Run the Demo Script:
The python web_demo.py command launches the Gradio-based web demo.
Specify the Model Variant:
Use the --model_name parameter to choose between the different model variants:
"deepseek-ai/deepseek-vl2-tiny"
"deepseek-ai/deepseek-vl2-small"
"deepseek-ai/deepseek-vl2"
Set the Port:
The --port 37914 argument sets the port on which the web server will run.
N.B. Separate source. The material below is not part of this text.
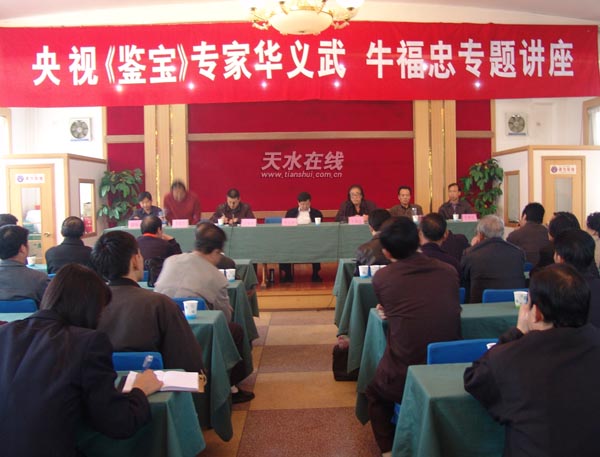 天水在線訊 10月20日上午,著名文物鑒定專家、央視《鑒寶》欄目特邀專家華義武、牛福忠在天水市秦州區(qū)舉辦了鑒寶專題講座會。會上,華義武和牛福忠就當前收藏知識進行了講解、并就與會者提出的問題進行了現(xiàn)場解答。
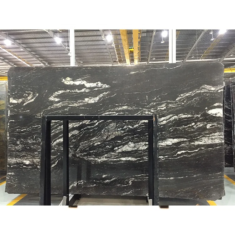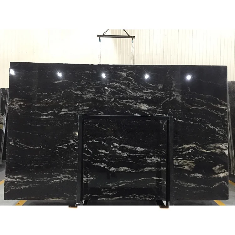 Гранитный блок «Аракруз» черного цвета, черный гранит с белыми волнообразными прожилками, космический черный гранит

Open your browser and navigate to http://:37914 to access the demo.
Optional Memory Tuning:
For the small model on a GPU with 40GB memory, the additional --chunk_size 512 argument is recommended for memory-saving incremental pre-filling.
Step 17: Verify Your GPU Availability
Run the following command in your terminal to see if your GPU is recognized by the system:
nvidia-smi
Step 18: Run Deepseek-vl2-tiny Model
Execute the following command to run the deepseek-vl2-tiny model:
python3 web_demo.py --model_name "deepseek-ai/deepseek-vl2-tiny" --port 37914
Step 19: Access the Application
Accessing the application at:
Running on local URL: http://0.0.0.0:37914
Running on public URL: https://8df6de5304350b2ecc.gradio.live
Step 20: Play with Deepseek-vl2-tiny Model
Step 21: Run Deepseek-vl2-small Model
Execute the following command to run the deepseek-vl2-small model:
CUDA_VISIBLE_DEVICES=0 python3 web_demo.py --model_name "deepseek-ai/deepseek-vl2-small" --port 37914 --chunk_size 512
Step 22: Access the Application
Accessing the application at:
Running on local URL: http://0.0.0.0:37914
Running on public URL: https://8df6de5304350b2ecc.gradio.live
Step 23: Play with Deepseek-vl2-small Model
Step 24: Run Deepseek-vl2 Model
Execute the following command to run the deepseek-vl2 model:
CUDA_VISIBLE_DEVICES=0 python web_demo.py --model_name "deepseek-ai/deepseek-vl2" --port 37914
Step 25: Access the Application
Accessing the application at:
Running on local URL: http://0.0.0.0:37914
Running on public URL: https://8df6de5304350b2ecc.gradio.live
Step 26: Play with Deepseek-vl2 Model
For Inference Only: DeepSeek-VL2-Tiny can run on a 16GB GPU with quantization, but the full model requires 80GB VRAM.
For Gradio Deployment: At least 48GB VRAM is required for multi-image handling, and 80GB VRAM is ideal for full-scale applications.
Optimization Strategies:
Chunked Inference (for 40GB GPUs).
Flash Attention (for efficient multi-image processing).
Quantization (for limited VRAM GPUs).
Deploy DeepSeek-VL2 on the right hardware for best performance!